(Data records)
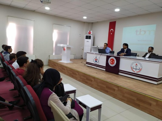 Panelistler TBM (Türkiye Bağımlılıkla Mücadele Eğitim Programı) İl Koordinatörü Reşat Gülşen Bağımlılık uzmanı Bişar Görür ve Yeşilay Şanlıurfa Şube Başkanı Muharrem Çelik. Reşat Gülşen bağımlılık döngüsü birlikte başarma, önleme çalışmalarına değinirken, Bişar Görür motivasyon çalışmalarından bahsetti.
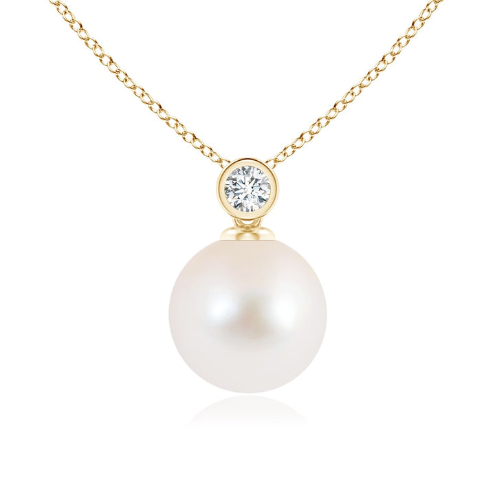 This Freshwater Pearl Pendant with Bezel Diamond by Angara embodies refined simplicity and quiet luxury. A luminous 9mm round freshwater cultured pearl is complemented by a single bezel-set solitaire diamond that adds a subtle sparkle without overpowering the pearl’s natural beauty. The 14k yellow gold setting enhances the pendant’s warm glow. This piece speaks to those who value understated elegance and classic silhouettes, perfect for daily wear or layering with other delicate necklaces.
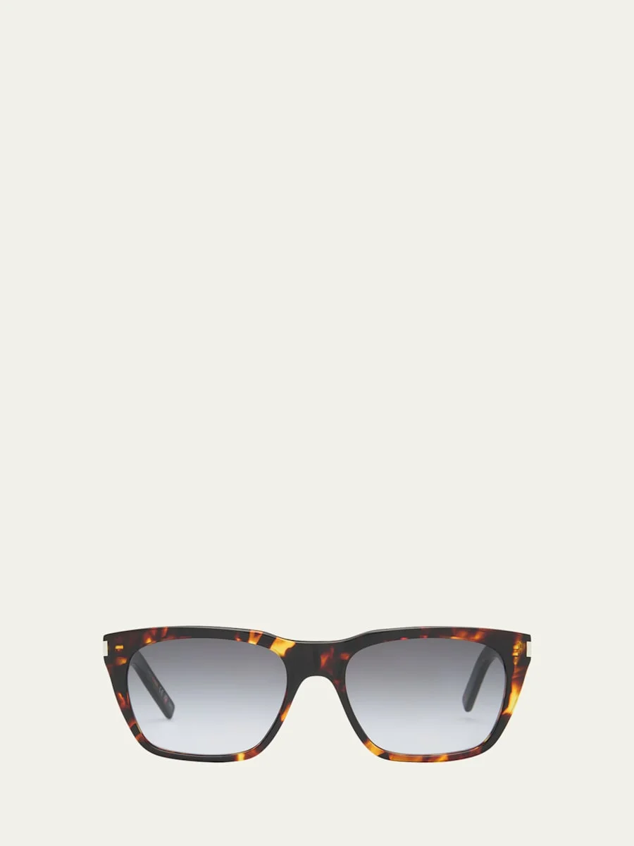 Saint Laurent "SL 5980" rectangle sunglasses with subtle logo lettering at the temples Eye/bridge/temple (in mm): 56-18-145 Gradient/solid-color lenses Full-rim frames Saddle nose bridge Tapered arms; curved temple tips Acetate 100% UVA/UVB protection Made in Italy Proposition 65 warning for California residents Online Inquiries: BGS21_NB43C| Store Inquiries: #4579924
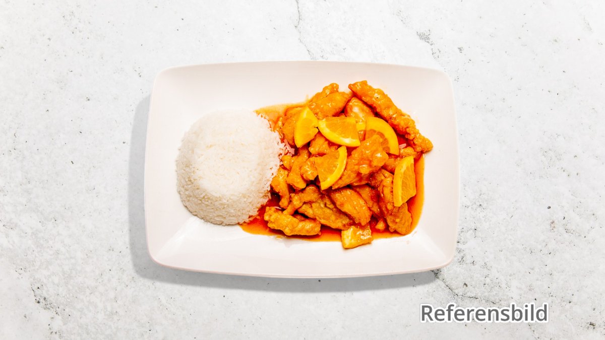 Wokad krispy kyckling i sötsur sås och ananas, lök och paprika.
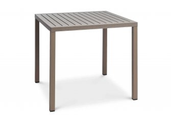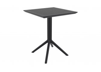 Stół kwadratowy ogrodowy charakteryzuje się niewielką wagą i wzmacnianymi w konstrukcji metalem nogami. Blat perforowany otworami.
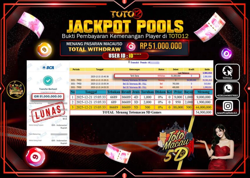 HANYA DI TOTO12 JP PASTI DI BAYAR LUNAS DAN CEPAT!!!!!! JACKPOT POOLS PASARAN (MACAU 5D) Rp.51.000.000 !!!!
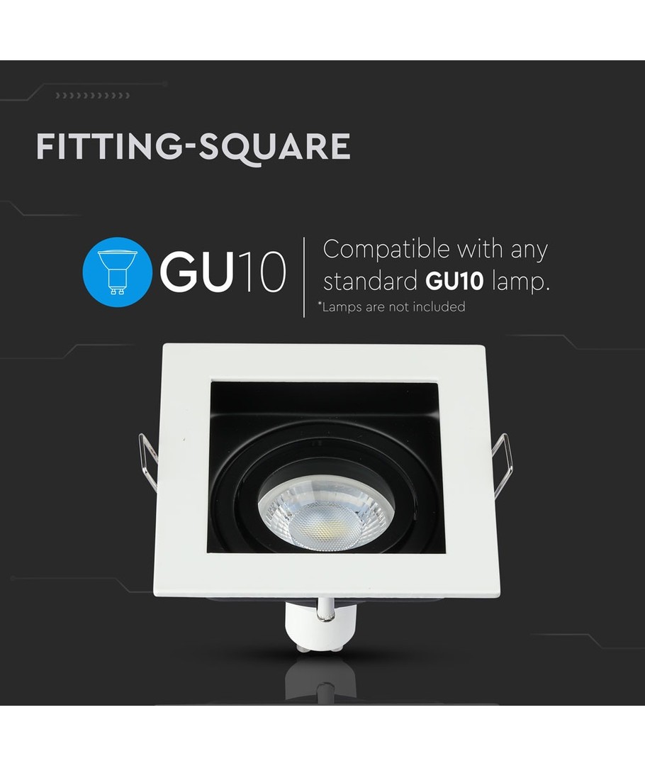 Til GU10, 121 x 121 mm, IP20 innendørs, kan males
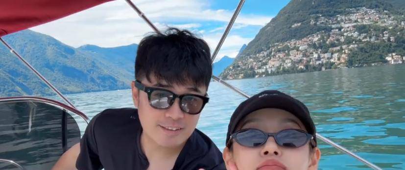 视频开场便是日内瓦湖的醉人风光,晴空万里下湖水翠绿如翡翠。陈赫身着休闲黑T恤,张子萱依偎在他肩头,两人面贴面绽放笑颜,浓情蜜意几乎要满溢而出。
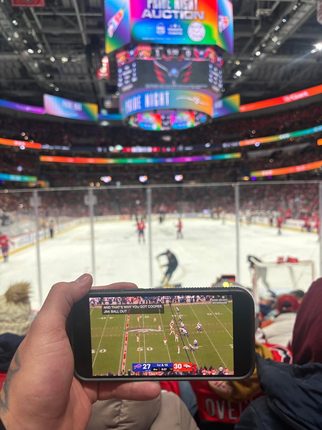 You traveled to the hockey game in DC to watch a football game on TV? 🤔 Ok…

---

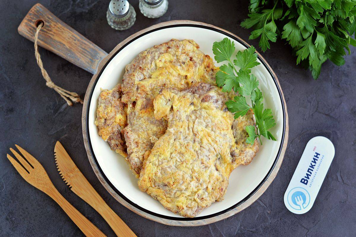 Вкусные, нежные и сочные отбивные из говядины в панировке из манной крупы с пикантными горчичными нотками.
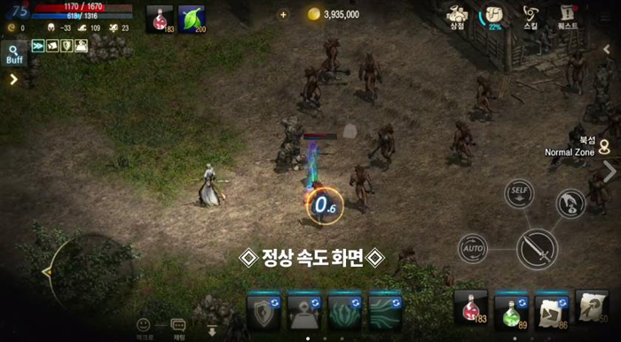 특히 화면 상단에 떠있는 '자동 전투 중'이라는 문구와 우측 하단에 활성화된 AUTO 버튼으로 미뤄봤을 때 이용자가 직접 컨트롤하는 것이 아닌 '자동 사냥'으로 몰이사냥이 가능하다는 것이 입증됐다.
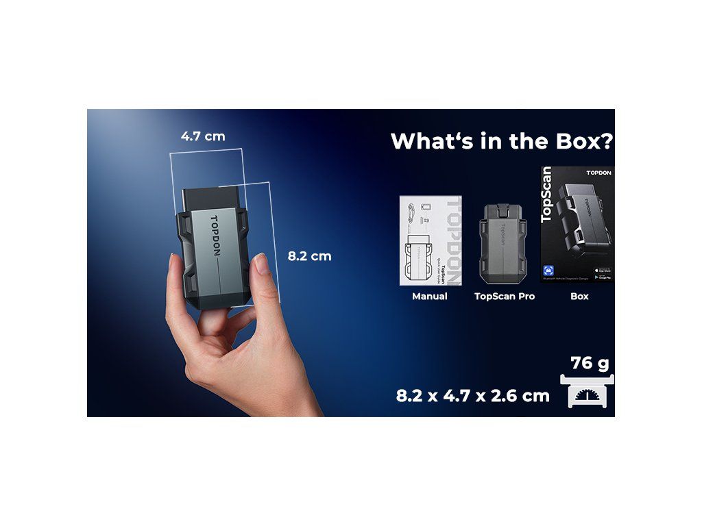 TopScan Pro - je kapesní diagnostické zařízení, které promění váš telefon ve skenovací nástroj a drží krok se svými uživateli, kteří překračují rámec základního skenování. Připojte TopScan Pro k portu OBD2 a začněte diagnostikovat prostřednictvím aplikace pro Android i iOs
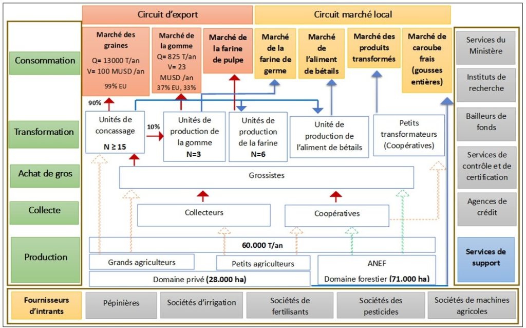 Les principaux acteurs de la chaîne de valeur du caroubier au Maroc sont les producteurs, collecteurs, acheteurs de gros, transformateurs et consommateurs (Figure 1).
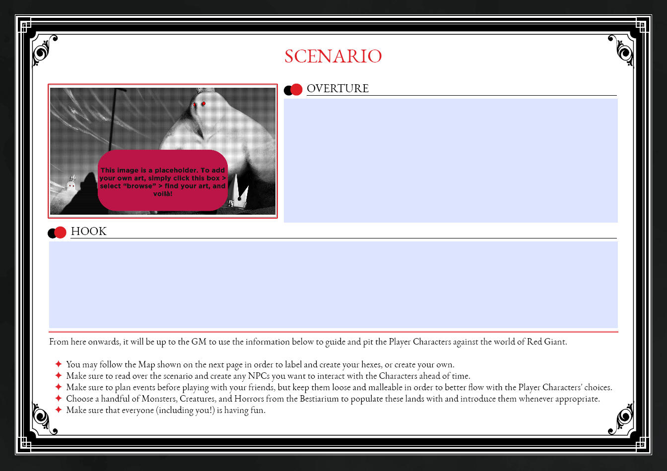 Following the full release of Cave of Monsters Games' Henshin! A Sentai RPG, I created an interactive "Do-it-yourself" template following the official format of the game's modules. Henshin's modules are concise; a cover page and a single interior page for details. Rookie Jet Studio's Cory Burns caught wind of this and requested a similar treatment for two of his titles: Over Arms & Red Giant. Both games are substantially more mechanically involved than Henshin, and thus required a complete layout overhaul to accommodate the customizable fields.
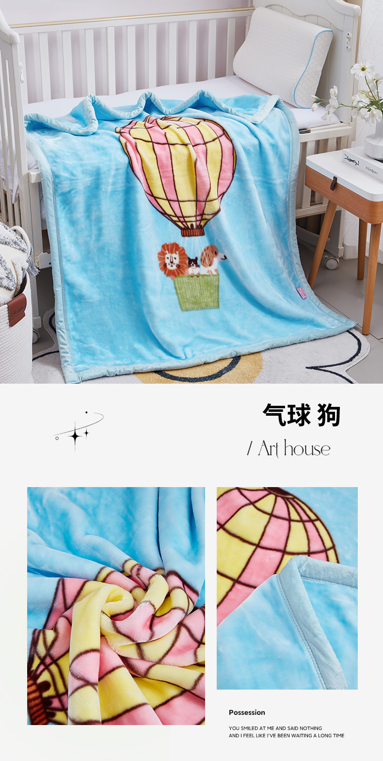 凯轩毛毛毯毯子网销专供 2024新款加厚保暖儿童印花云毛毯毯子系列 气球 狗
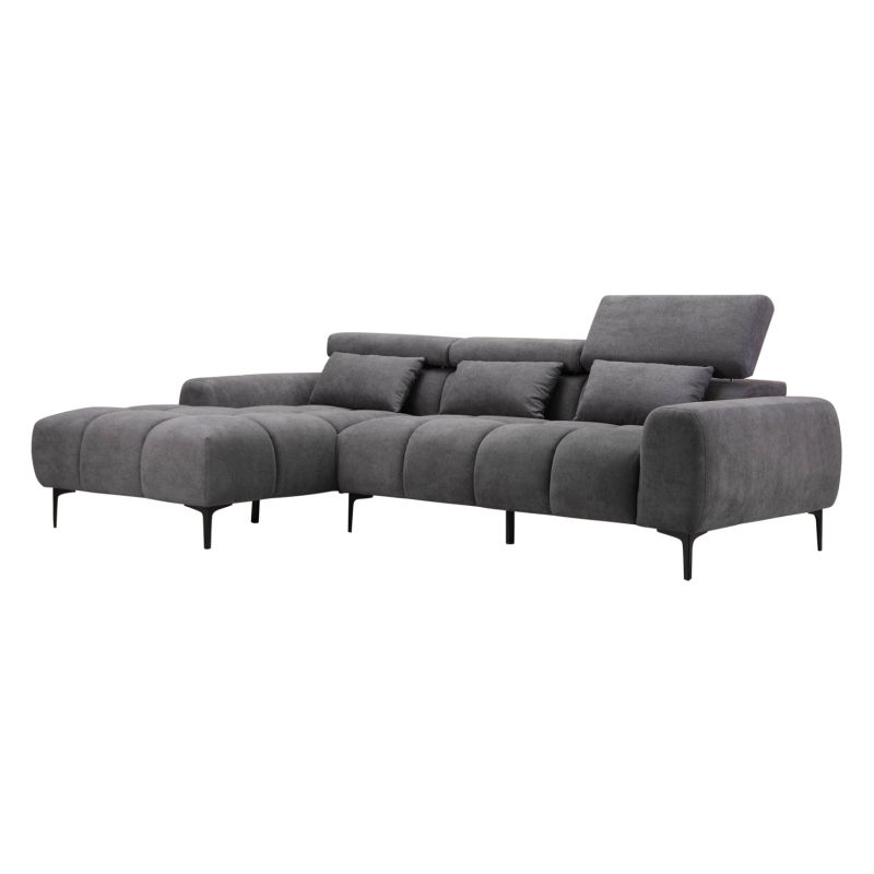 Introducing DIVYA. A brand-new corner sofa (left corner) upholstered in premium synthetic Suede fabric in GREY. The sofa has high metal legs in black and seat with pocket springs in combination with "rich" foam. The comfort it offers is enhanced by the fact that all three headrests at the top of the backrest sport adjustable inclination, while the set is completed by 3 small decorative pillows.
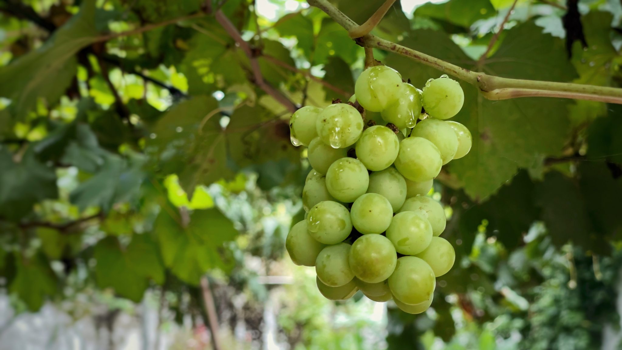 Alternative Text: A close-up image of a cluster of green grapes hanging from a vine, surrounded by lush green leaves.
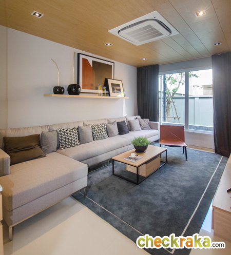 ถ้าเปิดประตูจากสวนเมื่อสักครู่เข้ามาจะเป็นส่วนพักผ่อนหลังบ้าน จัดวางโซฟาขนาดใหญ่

§ **YOUR INSTRUCTIONS**: In the records above, find the line with "Following the full" and the line with "ถ้าเปิดประตูจา". Write out exactly those lines and every one between, with no pictures and no other lines.

§ **RESULT**:
 Following the full release of Cave of Monsters Games' Henshin! A Sentai RPG, I created an interactive "Do-it-yourself" template following the official format of the game's modules. Henshin's modules are concise; a cover page and a single interior page for details. Rookie Jet Studio's Cory Burns caught wind of this and requested a similar treatment for two of his titles: Over Arms & Red Giant. Both games are substantially more mechanically involved than Henshin, and thus required a complete layout overhaul to accommodate the customizable fields.
 凯轩毛毛毯毯子网销专供 2024新款加厚保暖儿童印花云毛毯毯子系列 气球 狗
 Introducing DIVYA. A brand-new corner sofa (left corner) upholstered in premium synthetic Suede fabric in GREY. The sofa has high metal legs in black and seat with pocket springs in combination with "rich" foam. The comfort it offers is enhanced by the fact that all three headrests at the top of the backrest sport adjustable inclination, while the set is completed by 3 small decorative pillows.
 Alternative Text: A close-up image of a cluster of green grapes hanging from a vine, surrounded by lush green leaves.
 ถ้าเปิดประตูจากสวนเมื่อสักครู่เข้ามาจะเป็นส่วนพักผ่อนหลังบ้าน จัดวางโซฟาขนาดใหญ่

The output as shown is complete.